- INPUT MATERIAL -
Content starts

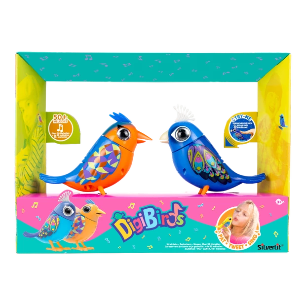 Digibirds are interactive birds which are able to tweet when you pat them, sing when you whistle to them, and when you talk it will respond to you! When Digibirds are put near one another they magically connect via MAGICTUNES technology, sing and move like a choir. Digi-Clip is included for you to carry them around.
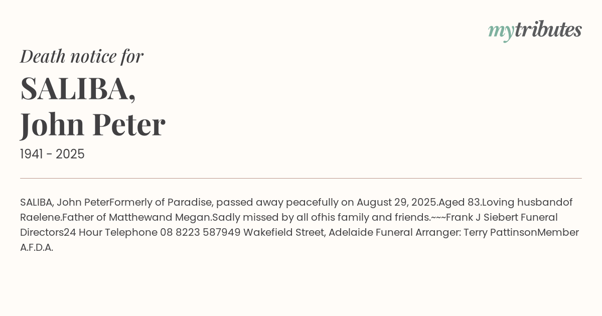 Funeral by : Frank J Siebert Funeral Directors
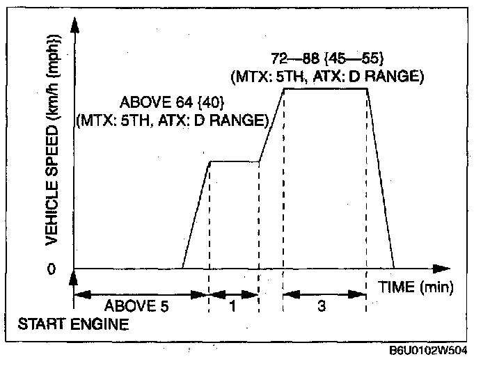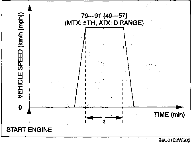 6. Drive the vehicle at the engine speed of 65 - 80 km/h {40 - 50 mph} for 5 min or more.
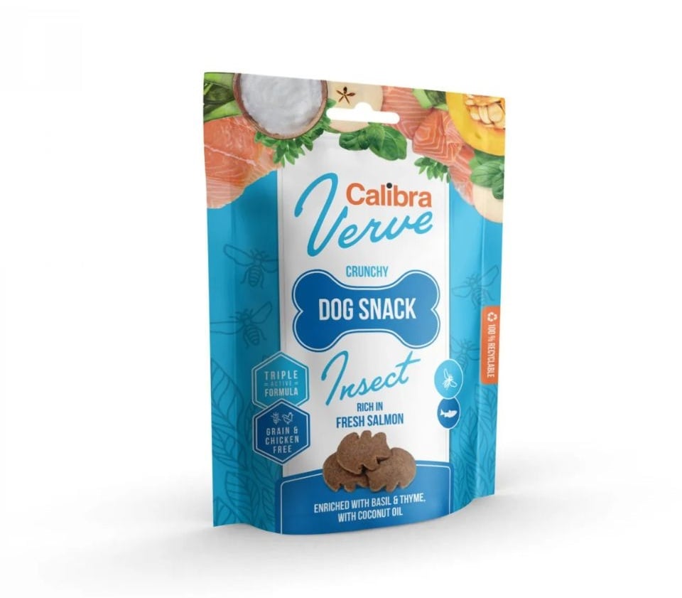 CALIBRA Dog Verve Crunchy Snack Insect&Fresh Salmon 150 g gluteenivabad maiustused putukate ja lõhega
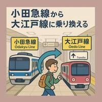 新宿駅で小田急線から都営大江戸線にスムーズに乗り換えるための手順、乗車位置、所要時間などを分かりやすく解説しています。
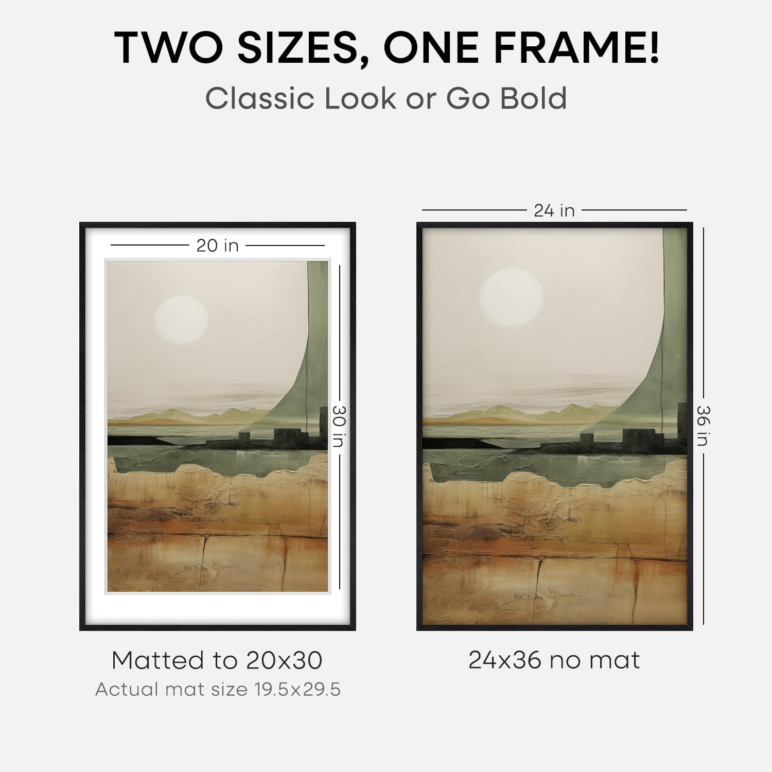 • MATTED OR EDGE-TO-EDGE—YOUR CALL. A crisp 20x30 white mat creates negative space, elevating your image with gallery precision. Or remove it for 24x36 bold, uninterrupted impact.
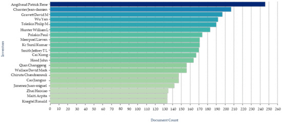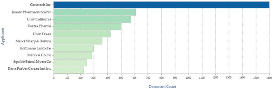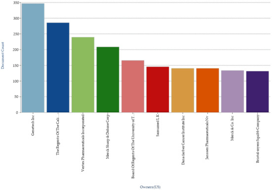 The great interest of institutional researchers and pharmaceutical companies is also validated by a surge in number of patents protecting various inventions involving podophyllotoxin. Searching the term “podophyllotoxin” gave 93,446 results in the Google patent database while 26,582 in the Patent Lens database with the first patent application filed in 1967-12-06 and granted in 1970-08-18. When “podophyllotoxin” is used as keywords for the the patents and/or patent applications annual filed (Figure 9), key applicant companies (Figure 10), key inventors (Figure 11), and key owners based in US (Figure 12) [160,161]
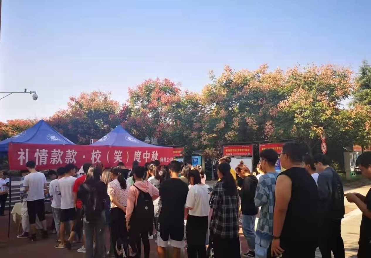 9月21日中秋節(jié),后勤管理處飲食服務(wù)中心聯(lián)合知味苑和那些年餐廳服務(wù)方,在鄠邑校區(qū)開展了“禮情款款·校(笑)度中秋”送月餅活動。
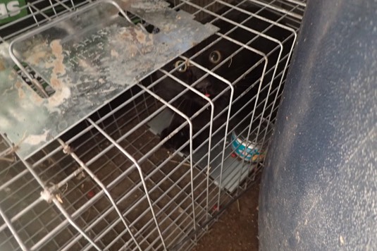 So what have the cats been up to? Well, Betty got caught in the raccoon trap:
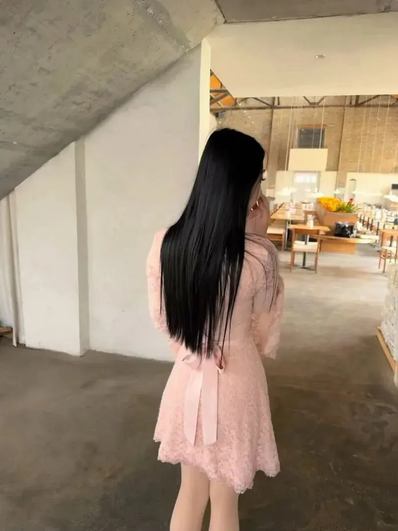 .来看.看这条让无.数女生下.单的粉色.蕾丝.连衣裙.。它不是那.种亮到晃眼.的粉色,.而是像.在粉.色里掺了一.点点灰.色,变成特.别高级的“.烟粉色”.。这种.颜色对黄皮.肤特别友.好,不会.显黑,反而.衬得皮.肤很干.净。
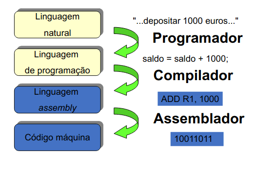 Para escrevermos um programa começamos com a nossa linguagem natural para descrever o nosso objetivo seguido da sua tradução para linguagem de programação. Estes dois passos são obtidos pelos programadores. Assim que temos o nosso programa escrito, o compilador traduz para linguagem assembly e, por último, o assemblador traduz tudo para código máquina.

Content ends

- WHAT TO DO -
Strip out the pictures and reproduce the remaining material above exactly.

- OUTPUT -
 Digibirds are interactive birds which are able to tweet when you pat them, sing when you whistle to them, and when you talk it will respond to you! When Digibirds are put near one another they magically connect via MAGICTUNES technology, sing and move like a choir. Digi-Clip is included for you to carry them around.
 Funeral by : Frank J Siebert Funeral Directors
 6. Drive the vehicle at the engine speed of 65 - 80 km/h {40 - 50 mph} for 5 min or more.
 CALIBRA Dog Verve Crunchy Snack Insect&Fresh Salmon 150 g gluteenivabad maiustused putukate ja lõhega
 新宿駅で小田急線から都営大江戸線にスムーズに乗り換えるための手順、乗車位置、所要時間などを分かりやすく解説しています。
 • MATTED OR EDGE-TO-EDGE—YOUR CALL. A crisp 20x30 white mat creates negative space, elevating your image with gallery precision. Or remove it for 24x36 bold, uninterrupted impact.
 The great interest of institutional researchers and pharmaceutical companies is also validated by a surge in number of patents protecting various inventions involving podophyllotoxin. Searching the term “podophyllotoxin” gave 93,446 results in the Google patent database while 26,582 in the Patent Lens database with the first patent application filed in 1967-12-06 and granted in 1970-08-18. When “podophyllotoxin” is used as keywords for the the patents and/or patent applications annual filed (Figure 9), key applicant companies (Figure 10), key inventors (Figure 11), and key owners based in US (Figure 12) [160,161]
 9月21日中秋節(jié),后勤管理處飲食服務(wù)中心聯(lián)合知味苑和那些年餐廳服務(wù)方,在鄠邑校區(qū)開展了“禮情款款·校(笑)度中秋”送月餅活動。
 So what have the cats been up to? Well, Betty got caught in the raccoon trap:
 .来看.看这条让无.数女生下.单的粉色.蕾丝.连衣裙.。它不是那.种亮到晃眼.的粉色,.而是像.在粉.色里掺了一.点点灰.色,变成特.别高级的“.烟粉色”.。这种.颜色对黄皮.肤特别友.好,不会.显黑,反而.衬得皮.肤很干.净。
 Para escrevermos um programa começamos com a nossa linguagem natural para descrever o nosso objetivo seguido da sua tradução para linguagem de programação. Estes dois passos são obtidos pelos programadores. Assim que temos o nosso programa escrito, o compilador traduz para linguagem assembly e, por último, o assemblador traduz tudo para código máquina.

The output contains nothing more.